Many of us are fans of /r/MachineLearning and we thought this group would be interested in hearing about it!

277

Comments

You must log in or register to comment.

Username912773 t1_jcdu408 wrote

Well, is there an existing dataset to actually train a model off of?

7

IntelArtiGen t1_jcdw6ih wrote

It seems that everything is explained quite clearly on the website. The challenge is a mix of data processing & machine learning, the hardest part is probably in the data processing. (1) flatten (2) detect ink. They gave a dataset for the ink task on Kaggle.

16

IntelArtiGen t1_jcdxtrb wrote

The challenge looks very cool but also quite hard. However, if it's truly possible to read that ink and unfold these scrolls, I'm sure ML and data processing will be able to do it.

4.7 TB (for two scrolls) seems a lot, but I also get it's due to the required resolution to detect ink.
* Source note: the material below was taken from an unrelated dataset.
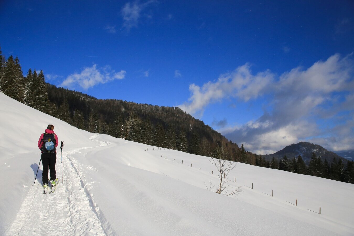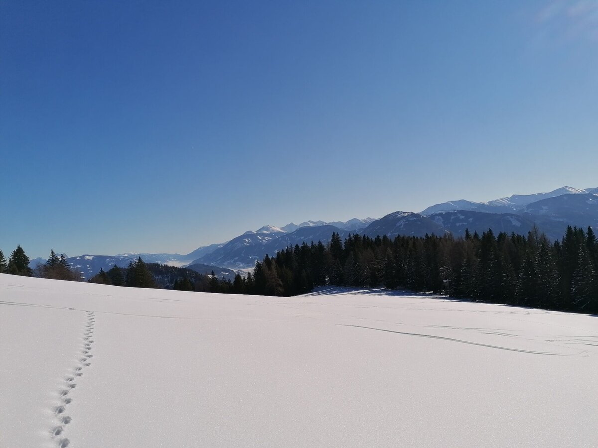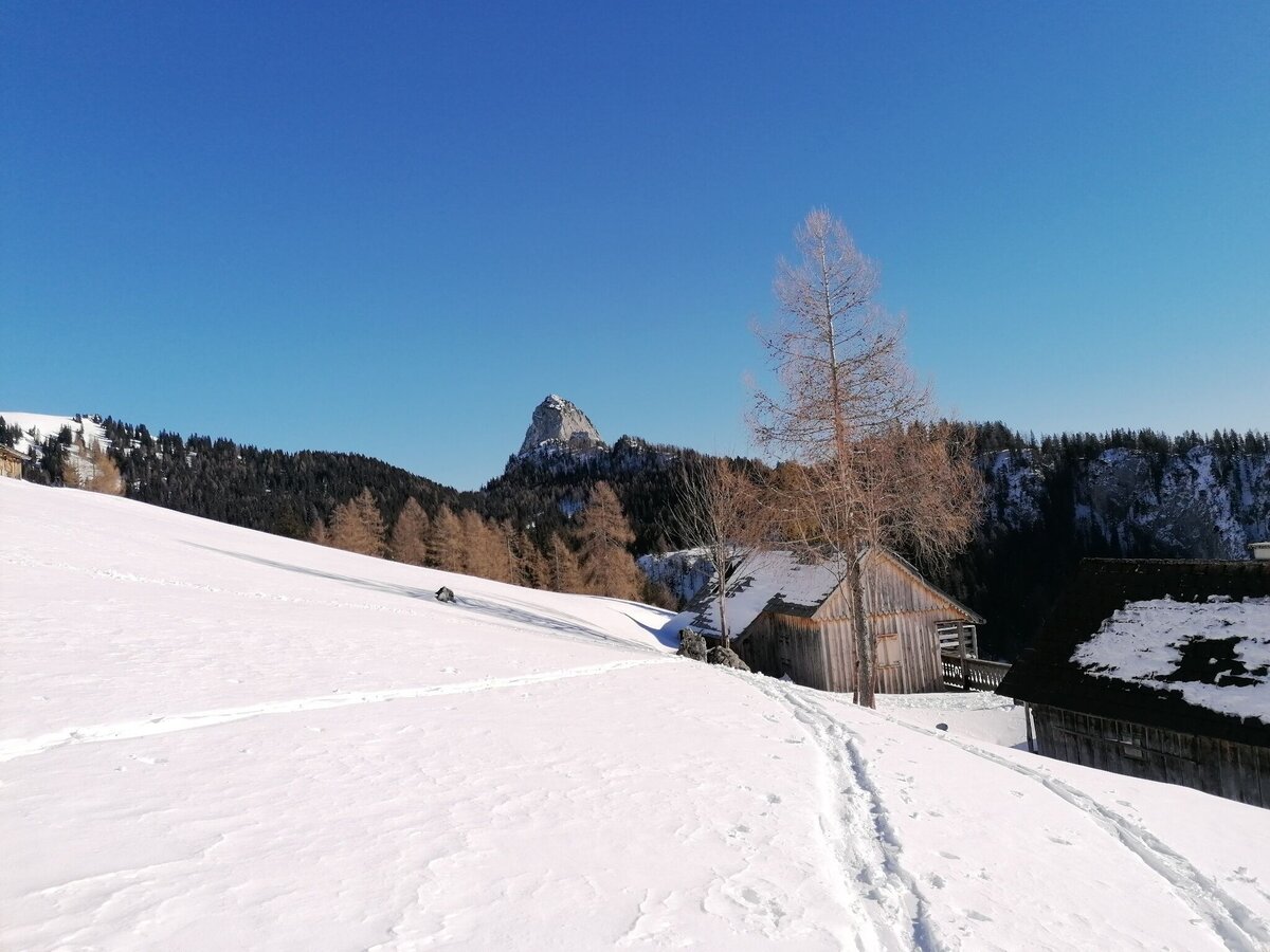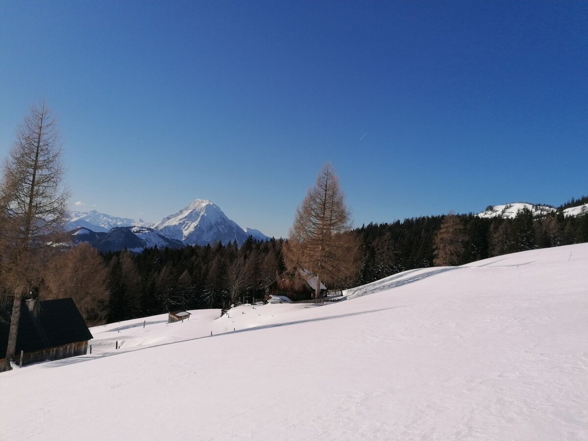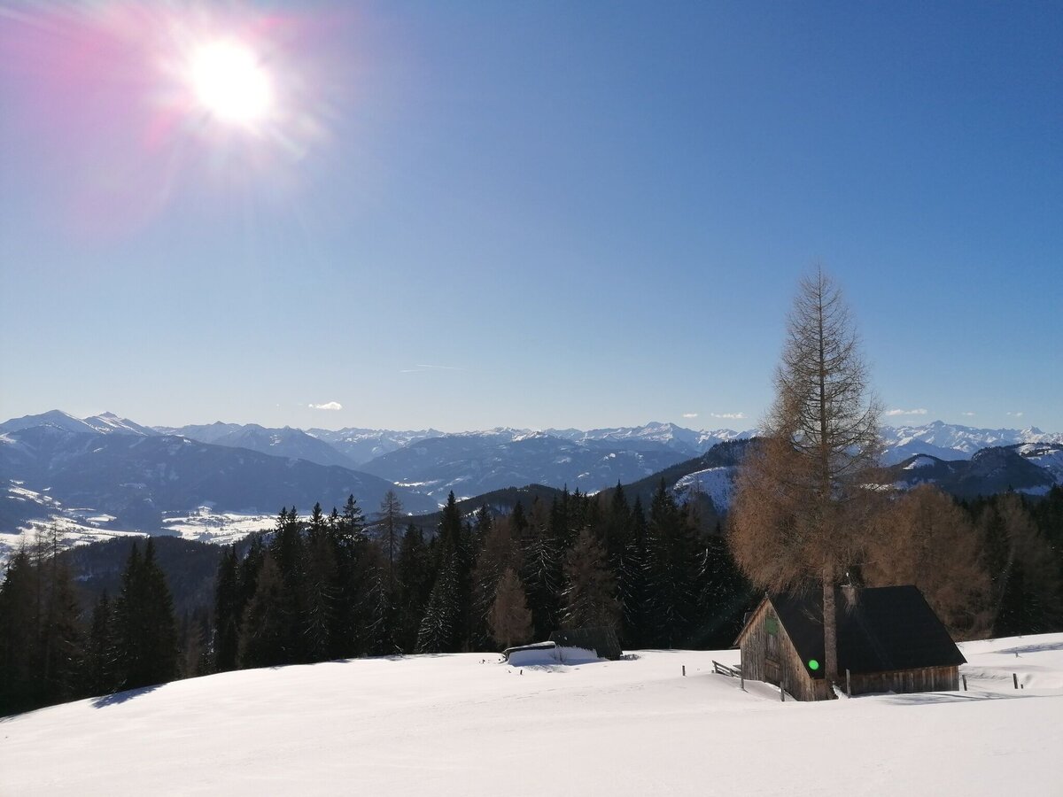 Aller Anfang ist juhu! Du bist ein Greenhorn? Dann sollte das die Jungfernfahrt für Deine neuen Skier werden. Denn hier bringt Dich eine äußerst gemütliche Forststraße hinauf zu einer ausgesprochen aussichtsreichen Alm.

I guess people can test their algorithms first on the other datasets and find a way to process these 4.7 TB if they need to. Perhaps the task could be more accessible if people could easily access 1/4~1/8 of 1 scroll (0.5/1 TB)

35

nat_friedman OP t1_jcdzndc wrote

You can download arbitrary subsets of the scroll, and we provide scripts to do so on the download page. Each file is about 120MB and represents an 8µm horizontal slice (stacked from bottom to top). So if you download 125 of these files, that's a millimeter slice through the scroll. A centimeter is about 150GB. Still big, but more manageable.

26

WaterslideOfSuccess t1_jce9fcg wrote

Brent was working on this when I was at UK in 2014 I might waste some time on this since I just lost my job and have disposable time lol

29

Disastrous_Elk_6375 t1_jcem481 wrote

Has there been any attempt to replicate the condition of these scrolls with replicas containing known text? (i.e. take the best papyrus analogue, paint it with the best ink analogue, burn it? in a way that would be a good guess as to what's actually inside)

17

londons_explorer t1_jcer3ci wrote

Seems this can be cleanly split into 'unrolling' and 'ink recognition'.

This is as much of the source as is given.